While she had her phone out, she thumbed through Facebook. Melissa had already posted, obviously. Apparently her daughter had gone up to the next stage reading book. This was a relatively tame piece of self-promotion when compared to Melissa’s recent epistles in which her child was ‘eating a home-grown strawberry’ and ‘discussing Brexit’. At five years old.

Kate never actually posted anything on Facebook. She just crept around it reading other people’s updates about their perfect lives: a bit like self-flagellation without the need for extra equipment. It was surprising how bad you could make yourself feel just by checking the profiles of your high-achieving, Tough Mudder-running ex-schoolmates. Or your career-driven, designer-clad ex-work colleagues. Or indeed your good-looking, saxophone-playing ex-boyfriends.

She’d bumped into Tim again at the hospital. Wandering round those soulless corridors, trying to remember which colour signs she was supposed to be following. She hated it: the smell, the squeaky floor and the hushed voices everywhere. Nosocomephobia, it was called – a fear of hospitals. Another useless nugget of information gleaned from her parents’ love of quiz shows. Between them they could have answered the whole of a Trivial Pursuits box; even the Arts and Literature questions.

Tim had spotted her first. ‘Kate? Kate, is that you?’
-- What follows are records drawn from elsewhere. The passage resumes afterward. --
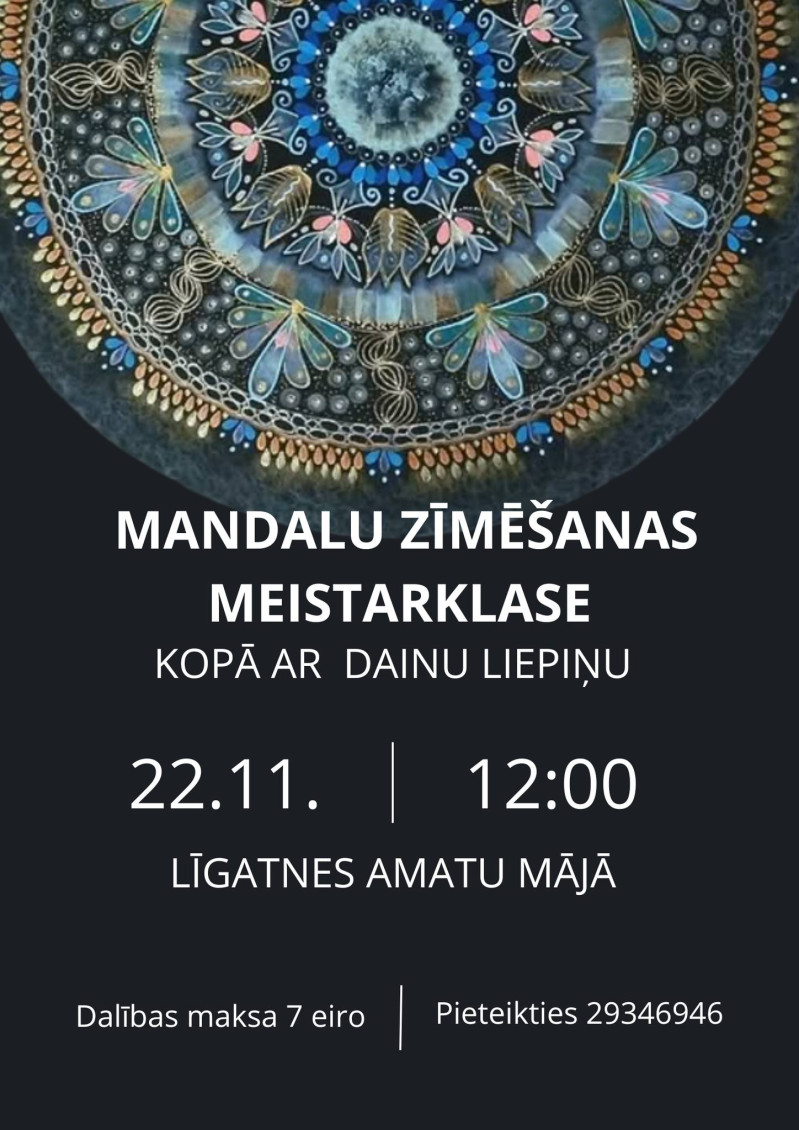 Mandalu zīmēšanas meistarklase būs iespēja apstāties, saklausīt sevi un ļaut krāsām brīvi plūst - veidojot harmoniju, līdzsvaru un iekšēju mieru uz papīra. Nav nepieciešamas priekšzināšanas - tikai vēlme radīt un baudīt procesu.
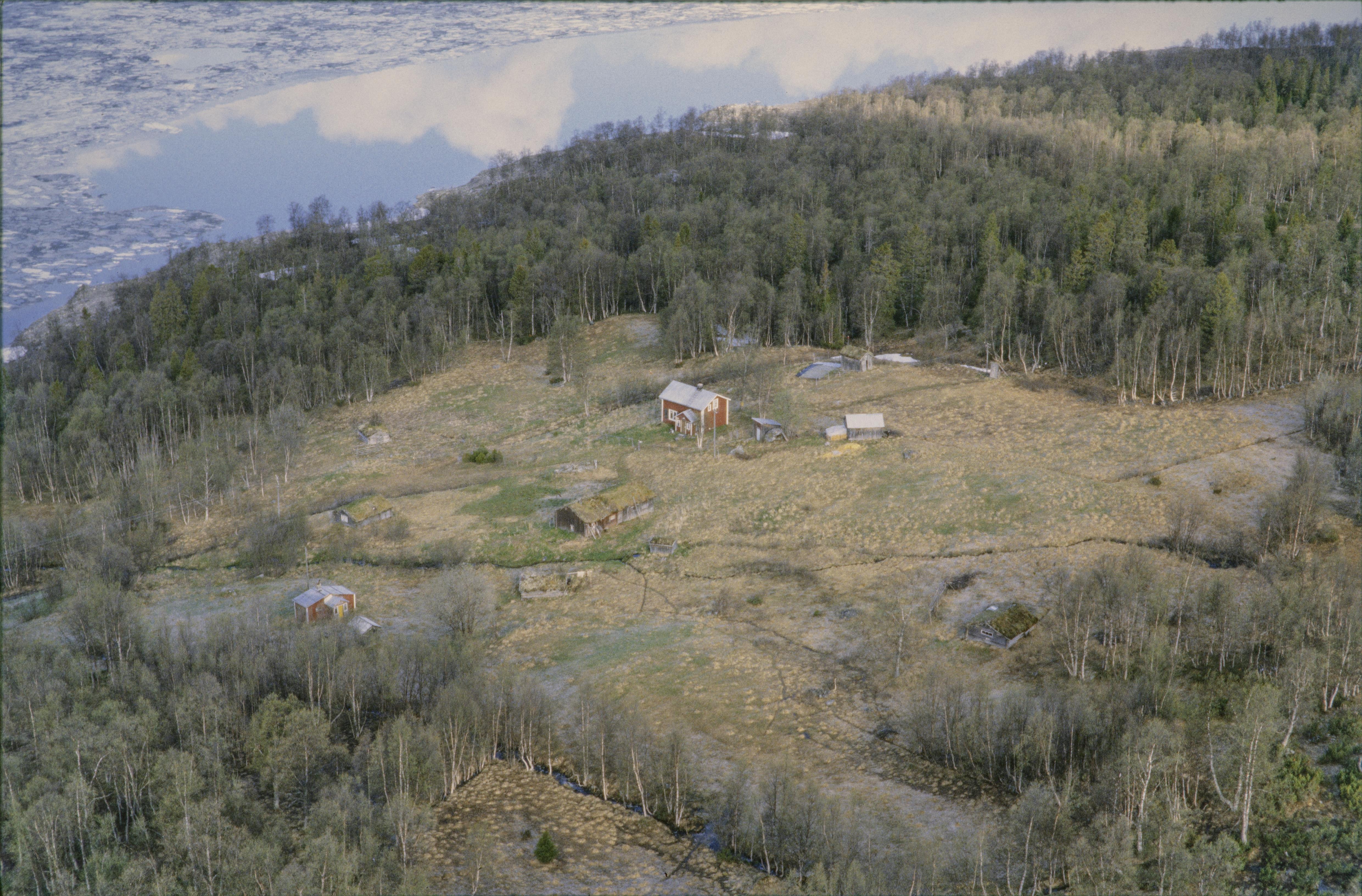 Beskrivning: Fjällgården Brattås vid sjön Ransarn (Raentsere). Bilden är tagen mot (väderstreck): NV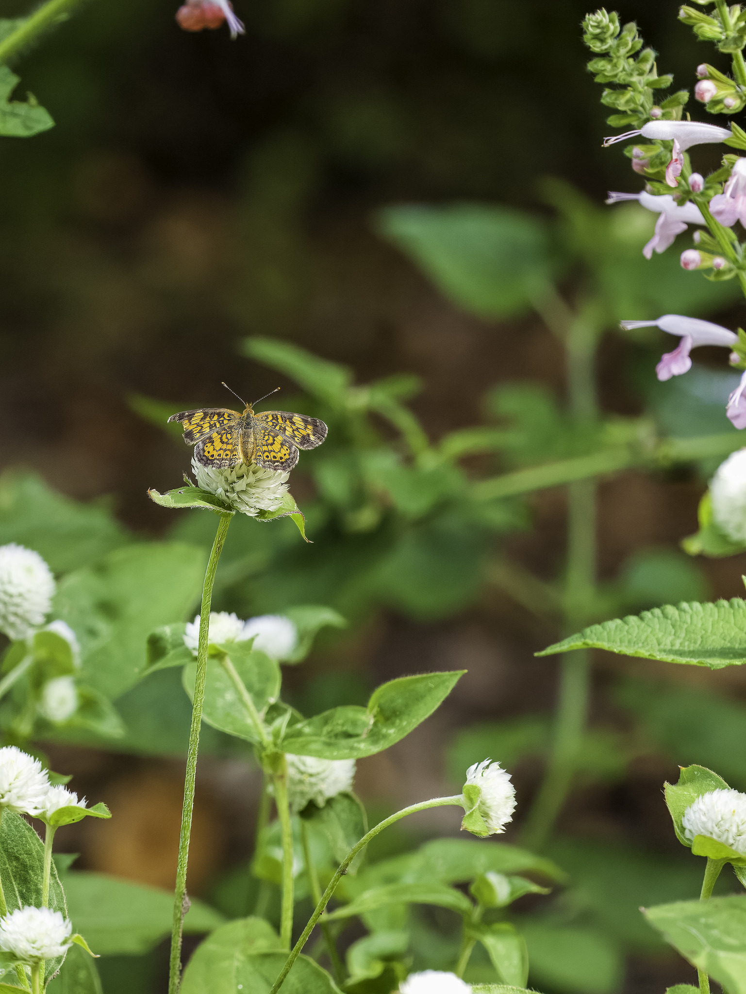 Phyciodes tharos | species | Gomphrena globosa | species | visitsFlowersOf | Animalia | Arthropoda | Insecta | Lepidoptera | Nymphalidae | Phyciodes | Plantae | Tracheophyta | Magnoliopsida | Caryophyllales | Amaranthaceae | Gomphrena | 43.731698 | -71.591137 | 2024 | 8 | 2 | http://creativecommons.org/licenses/by-nc/4.0/ | https://www.inaturalist.org/observations/246705028 | |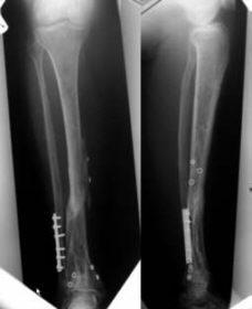 comminuted fracture of her right tibia in a road traffic accident.

She’d turned and seen him down the corridor. Her traitorous heart had flipped. Thirteen years and he didn’t look any different. Thick, dark hair, tight jeans, black shirt and some kind of metal symbol on a leather thong around his neck. Wasn’t he a little old to still be dressing like that? The young nurse checking him out as she walked past hadn’t seemed to think so. Don’t waste your time on this one, love.

Kate swallowed. Frowned. And pretended she was running through a mental Rolodex to work out who he was. ‘Tim? Tim Watson? Oh, my gosh! How are you?’

When you meet up with your ex-boyfriend from ten years ago, you are supposed to look fabulous. Kate, on the other hand, had looked like a crap-bag. She’d just arrived at the hospital after wrestling Thomas in and out of the shower before lying next to him in bed, praying for him to go to sleep before the end of visiting hours. Luke had told her to leave Thomas to him, but how could she leave the house to the soundtrack of her son crying for her? It made her stomach hurt. Besides, Thomas always went to sleep quicker with her than Luke. He’d twiddled her hair into a set of complicated knots that she hadn’t had time to brush out properly before dashing to the hospital to spend the next two hours sitting by her dad’s bedside, willing him to wake up.

Tim had walked over with a huge grin on his face and kissed her on the cheek. Like they’d only seen each other yesterday. ‘How great to see you. I’m just visiting my sister; she’s had surgery on her foot.